Сколько здесь было собрано кораблей! Серые каботажные суда, горделивые флагманы, ледоколы, мощные пассажирские электроходы, танкеры, лайнеры, китобойцы, старые парусники, баржи, катера, даже подводные лодки. Мы прошли мимо одной подводной лодки — она была скользкая, блестящая, длинная и узкая, как стрела. Молчаливый часовой стоял у ее люка. Мы шли и шли вдоль длинной узкой бухты — там были еще каналы, параллельные бухте, и какие-то разветвления, и во всех каналах плескалась и сверкала на солнце ярко-зеленая вода, а корабли покачивались у причалов.
Корабли пришли на ремонт — потемневшие, с облупившейся краской, вмятинами на боках, обросшие ракушкой и седыми водорослями. Береговой ветер толкал их о пирсы, и они кряхтели, вздыхали, стонали. Качались разбухшие, отяжелевшие канаты, скрипели заржавевшие цепи, повизгивали тросы, дымили какие-то трубы. Целый лес мачт, подъемных кранов, прожекторных башен. Железные фермы кранов — их переплетения — на фоне синего утреннего неба висели, как кружева.

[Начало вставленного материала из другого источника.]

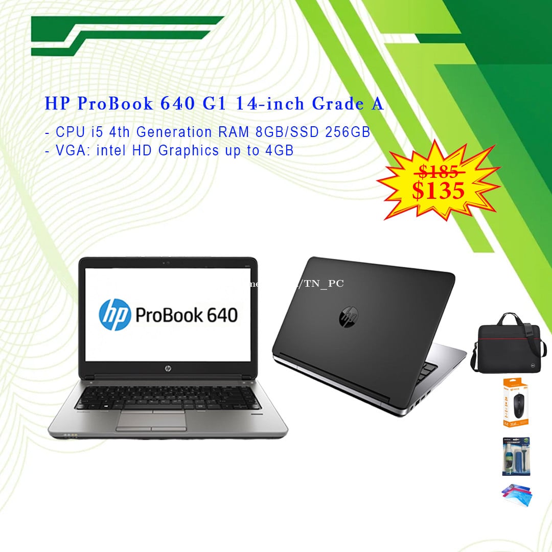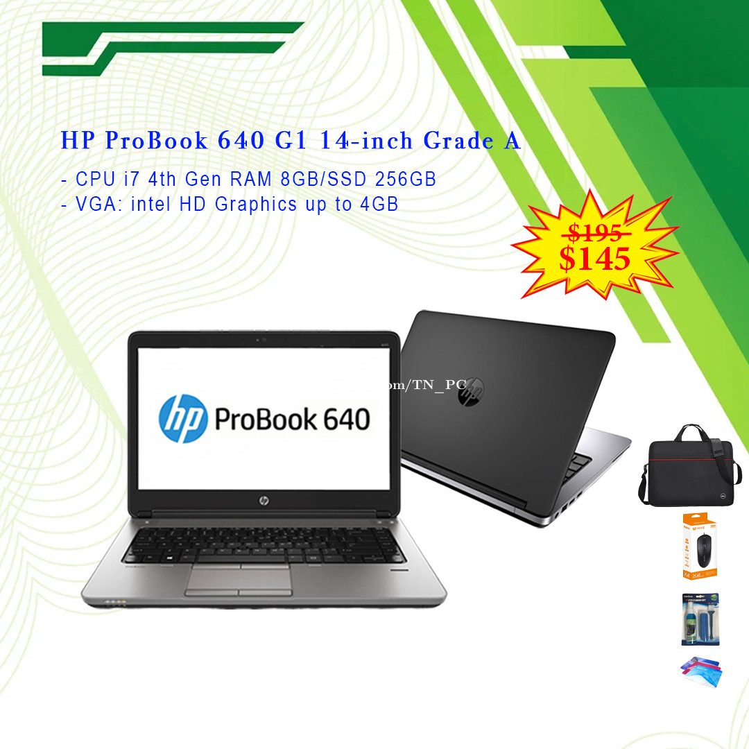 HP ProBook 640 G1 14-inch Grade A - CPU i7 4th Gen RAM 8GB/SSD 256GB - VGA: intel HD Graphics up to 4GB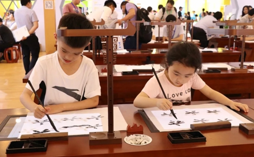 華文眾合作為智慧書法行業(yè)的領軍企業(yè),此次展出的新產品——第五代智慧書法教室吸引了男女老少眾多觀眾駐足展位,親身體驗。
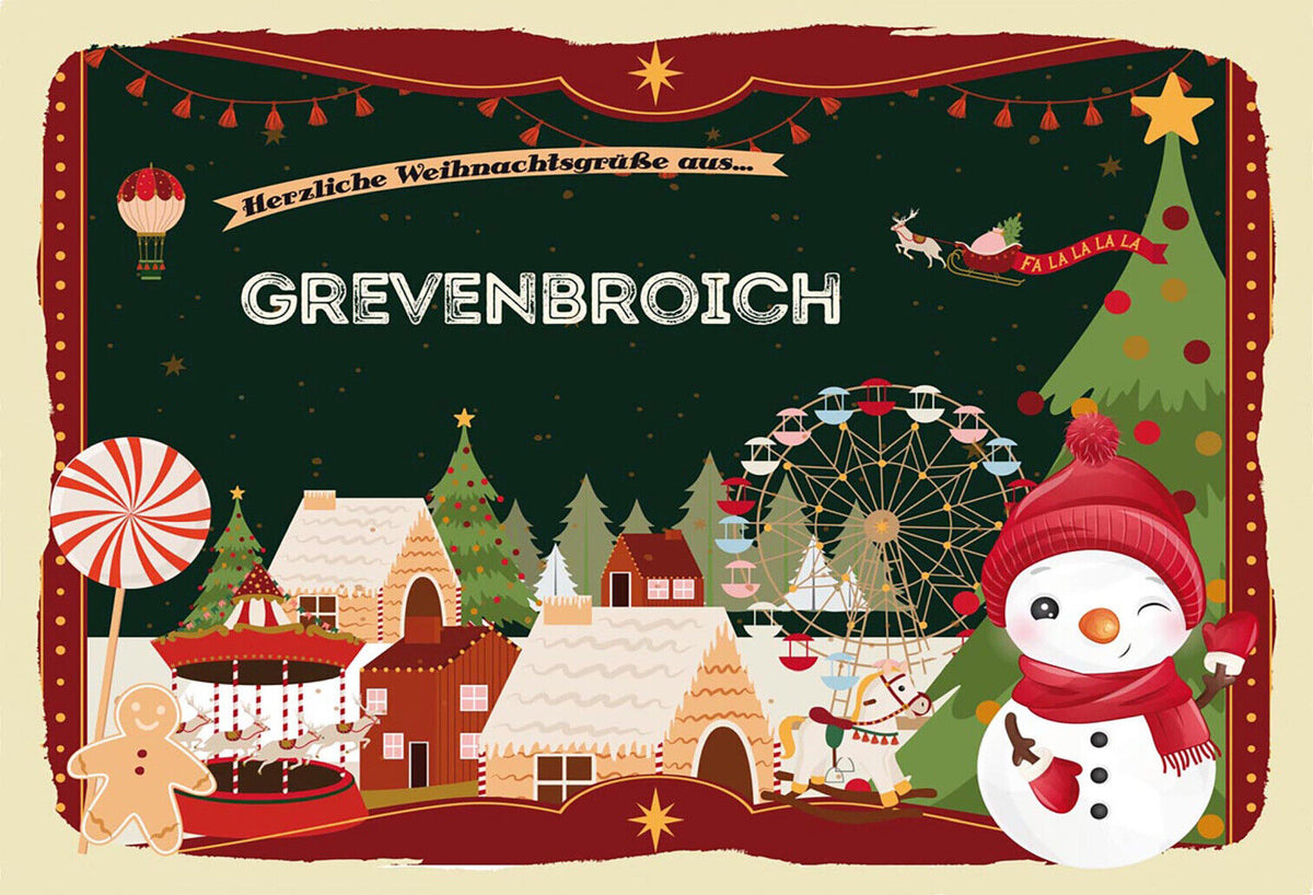 Schild Spruch Herzliche Weihnachtsgrüße aus Grevenbroich Comic Schneemann JW Im Angebot

Потом цементная дорога с проложенными на ней рельсами — нас перегоняли электровозы, машины, мотороллеры — увела в сторону от бухты, и потянулись один за одним застекленные островерхие цехи.
Отец довел нас до стапеля, куда нас назначили на работу, и, передав с рук на руки жилистому горбоносому дяде, моментально скрылся, словно он не имел к нам никакого отношения.
Я понял, что отец стесняется, чтобы не подумали: вот устраивает сынка получше. Он, конечно, и не заикнулся, что я его сын. А еще начальник цеха!
Мы стояли под днищем огромного корабля. Он был весь в лесах, как строящийся многоэтажный дом, — переплетения брусьев, бревен, досок, от которых свежо пахло сосной. Сверху несся оглушительный шум: пулеметная стрельба пневматических молотков, гудение моторов, грохот портального крана, удары бабы копра, — пыль, вспышки электрических дуг, искры электросварки.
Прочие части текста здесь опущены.